Task to carry out: Copy the records below exactly, leaving out every picture.
Start of Supplied entries
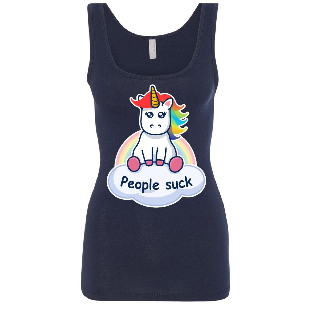 PEOPLE SUCK cute unicorn women's tank top funny rainbow pony introvert top navy blue
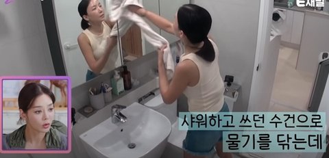 근데 나는 내 수건으로 변기 커버 닦고 거울 닦고 그러진 않고 청소용 행주? 가 따로 있음. 약품도 따로 있고. 근데 윤세아 저 분은 매일매일 저렇게 관리하며 사니까 그게 지저분하지가 않아서 저러는 거 아님? 묵혀뒀다가 수건으로 닦으려면 제대로 닦이지도 않고 지저분하겠지만, 매일 물자국만 닦으면 더럽지 않을 거라 봄. 객관적으로 누구나 봤을 때 비위생적인 것도 아닌데 반응이 좀… 윤세아님이 좋게좋게 잘 넘어가신 듯.
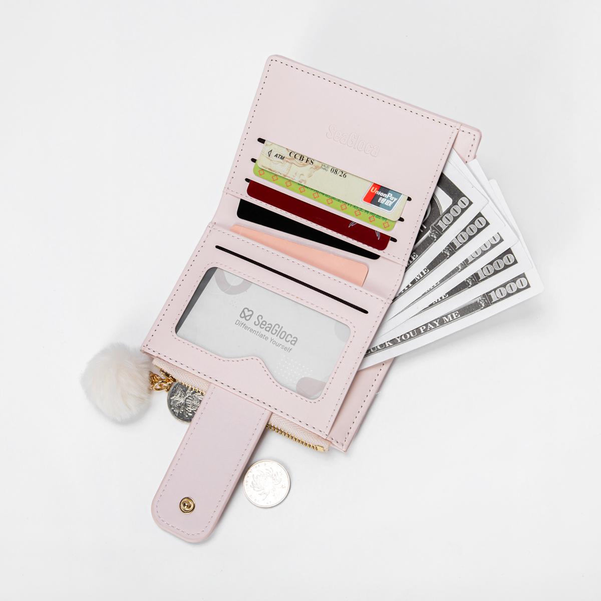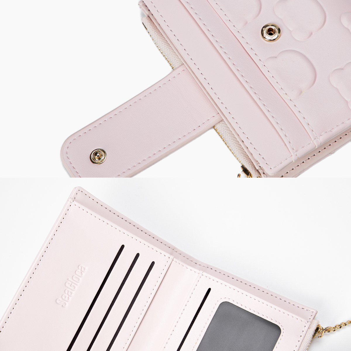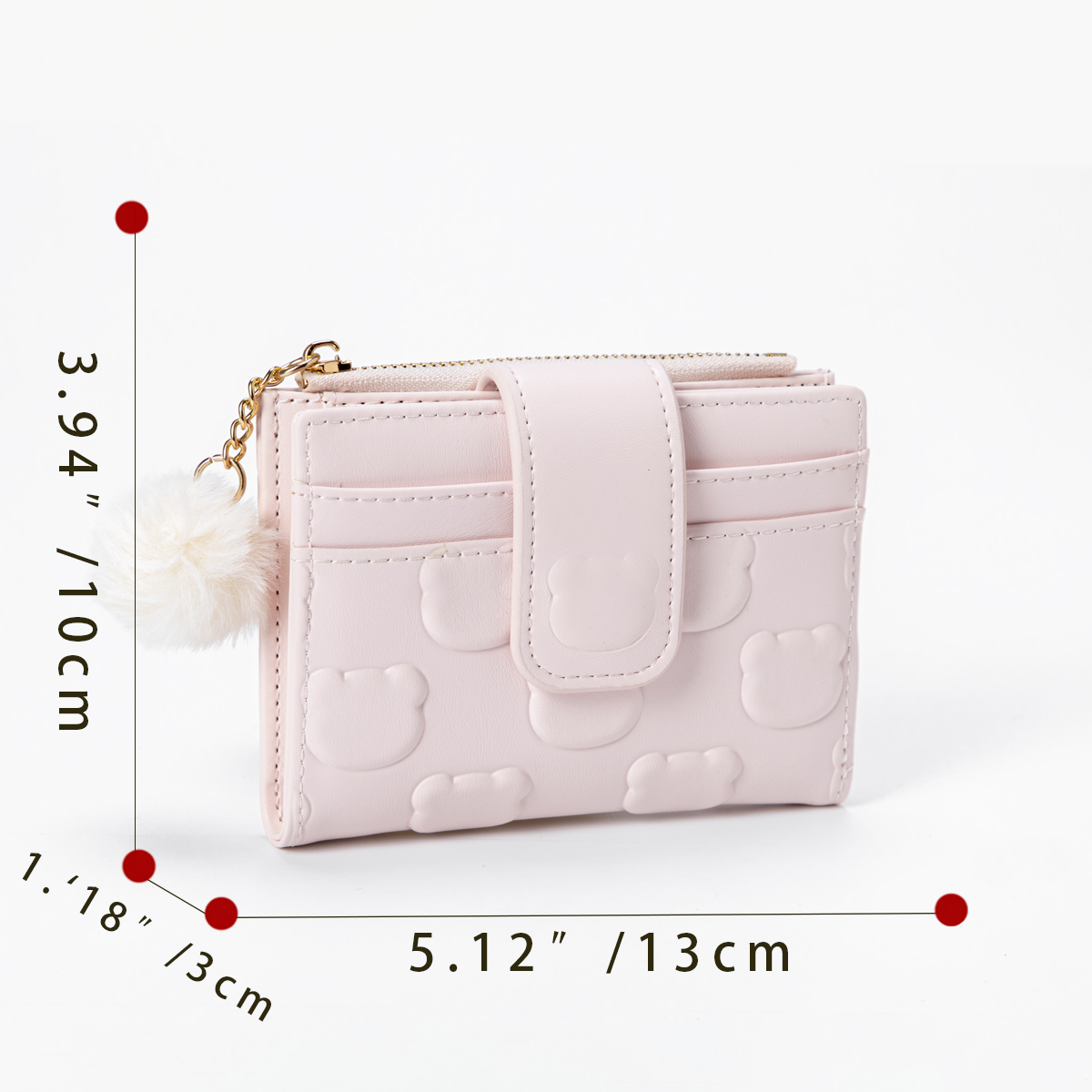 Seagloca Ví da pu ngắn nhẹ in họa tiết gấu thời trang hàn quốc cho nữ 4557
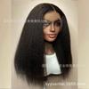 Pelucas para Mujeres Europeas y Americanas, Frente de Encaje, Cabello Largo Liso Yaki, Raya Media, Postizo de Fibra Sintética, Aspecto Natural
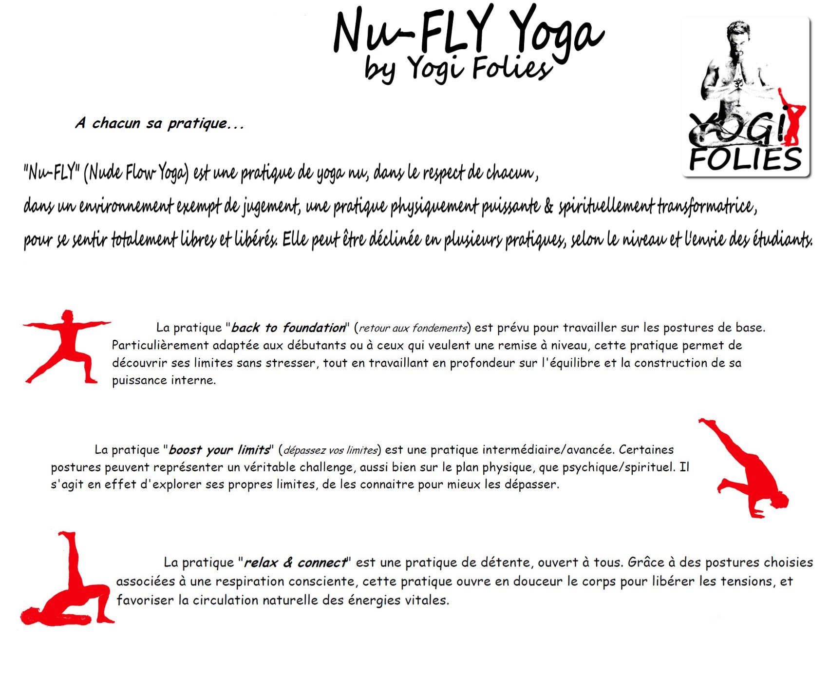 « Nu-FLY » (Nude Flow Yoga) est une pratique de yoga nu, dans le respect de chacun, dans un environnement exempt de jugement, une pratique physiquement puissante & spirituellement transformatrice, pour se sentir totalement libres et libérés. Elle peut être déclinée en plusieurs pratiques, selon le niveau et l’envie des étudiants.
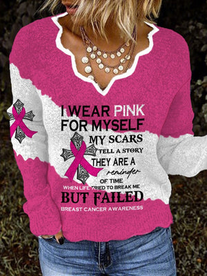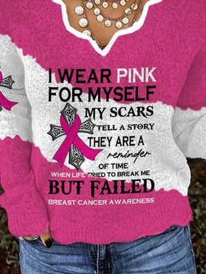 V-neck Faith Breast Cancer Awareness I Wear Pink For Myself Print Knit Tops
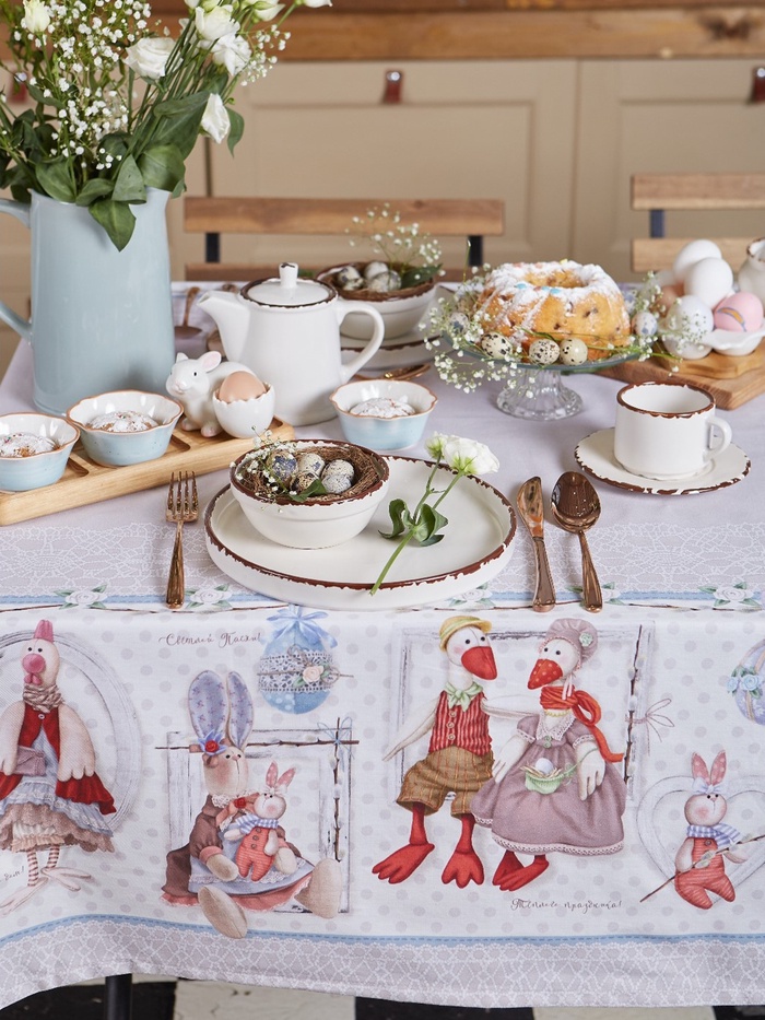Скатерть «Этель. Пасхальные Тильды», 147×250 см, 100% хлопок, саржа 190 г/м²
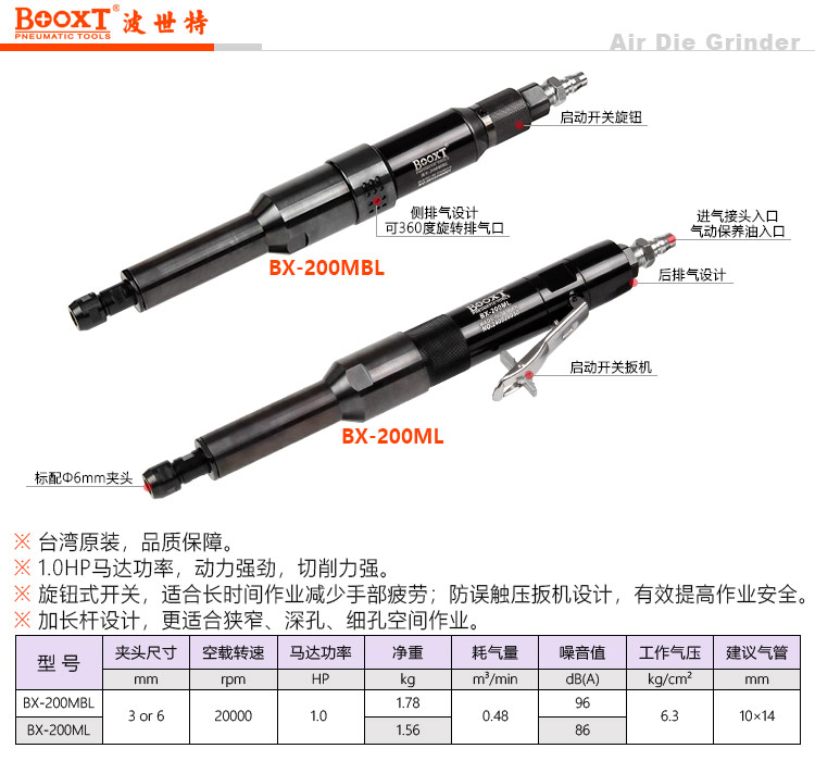 東莞市強(qiáng)勁五金工具有限公司提供臺灣BOOXT波世特品牌氣動工具,加長氣動風(fēng)磨機(jī)BX-200ML廠家直銷,首件享特價。咨詢熱線:4008301980
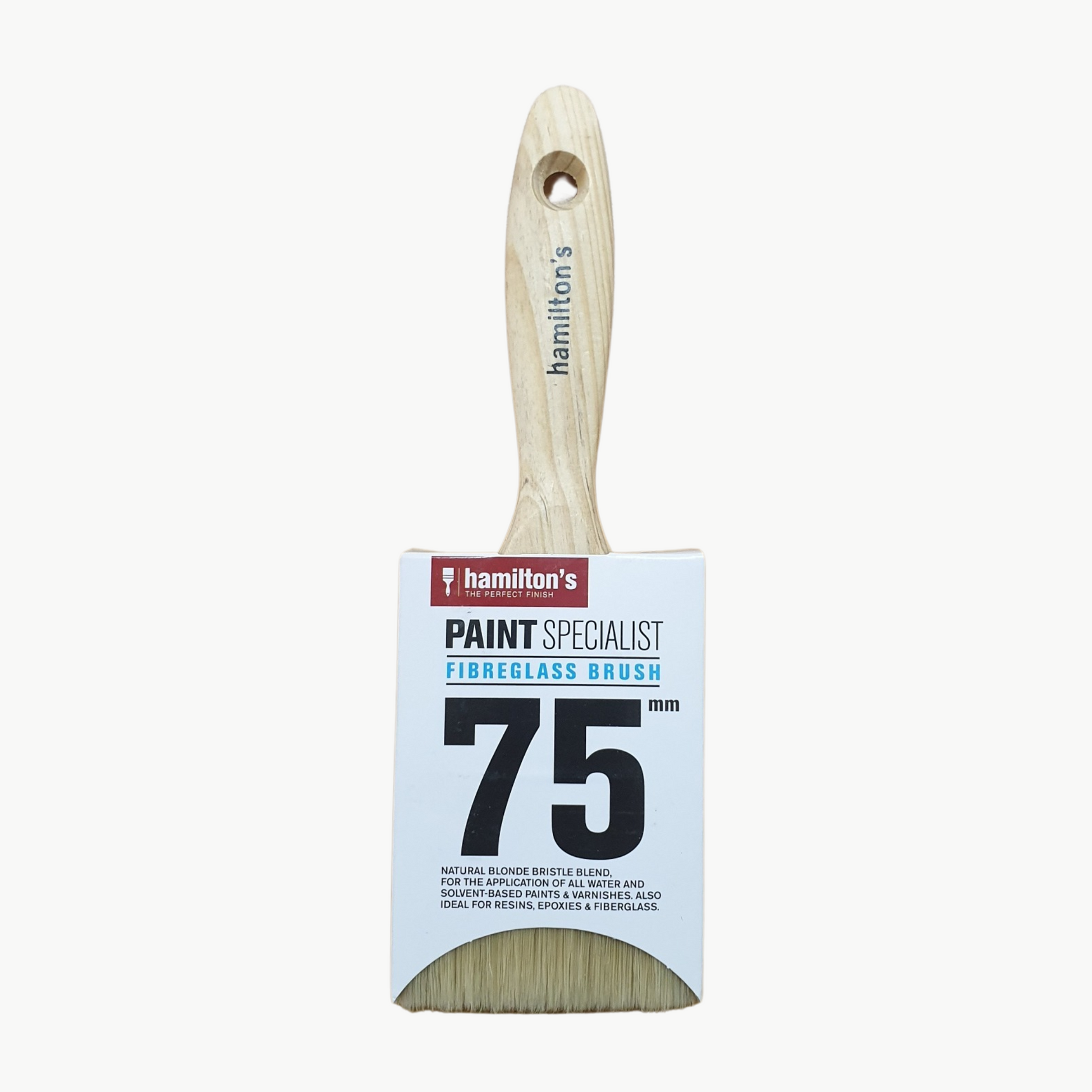 Natural, blonde bristle-blend designed for applying paints, varnishes, stains, resins & fibreglass.
End of Supplied entries
Exercise result:
 PEOPLE SUCK cute unicorn women's tank top funny rainbow pony introvert top navy blue
 근데 나는 내 수건으로 변기 커버 닦고 거울 닦고 그러진 않고 청소용 행주? 가 따로 있음. 약품도 따로 있고. 근데 윤세아 저 분은 매일매일 저렇게 관리하며 사니까 그게 지저분하지가 않아서 저러는 거 아님? 묵혀뒀다가 수건으로 닦으려면 제대로 닦이지도 않고 지저분하겠지만, 매일 물자국만 닦으면 더럽지 않을 거라 봄. 객관적으로 누구나 봤을 때 비위생적인 것도 아닌데 반응이 좀… 윤세아님이 좋게좋게 잘 넘어가신 듯.
 Seagloca Ví da pu ngắn nhẹ in họa tiết gấu thời trang hàn quốc cho nữ 4557
 Pelucas para Mujeres Europeas y Americanas, Frente de Encaje, Cabello Largo Liso Yaki, Raya Media, Postizo de Fibra Sintética, Aspecto Natural
 « Nu-FLY » (Nude Flow Yoga) est une pratique de yoga nu, dans le respect de chacun, dans un environnement exempt de jugement, une pratique physiquement puissante & spirituellement transformatrice, pour se sentir totalement libres et libérés. Elle peut être déclinée en plusieurs pratiques, selon le niveau et l’envie des étudiants.
 V-neck Faith Breast Cancer Awareness I Wear Pink For Myself Print Knit Tops
Скатерть «Этель. Пасхальные Тильды», 147×250 см, 100% хлопок, саржа 190 г/м²
 東莞市強(qiáng)勁五金工具有限公司提供臺灣BOOXT波世特品牌氣動工具,加長氣動風(fēng)磨機(jī)BX-200ML廠家直銷,首件享特價。咨詢熱線:4008301980
 Natural, blonde bristle-blend designed for applying paints, varnishes, stains, resins & fibreglass.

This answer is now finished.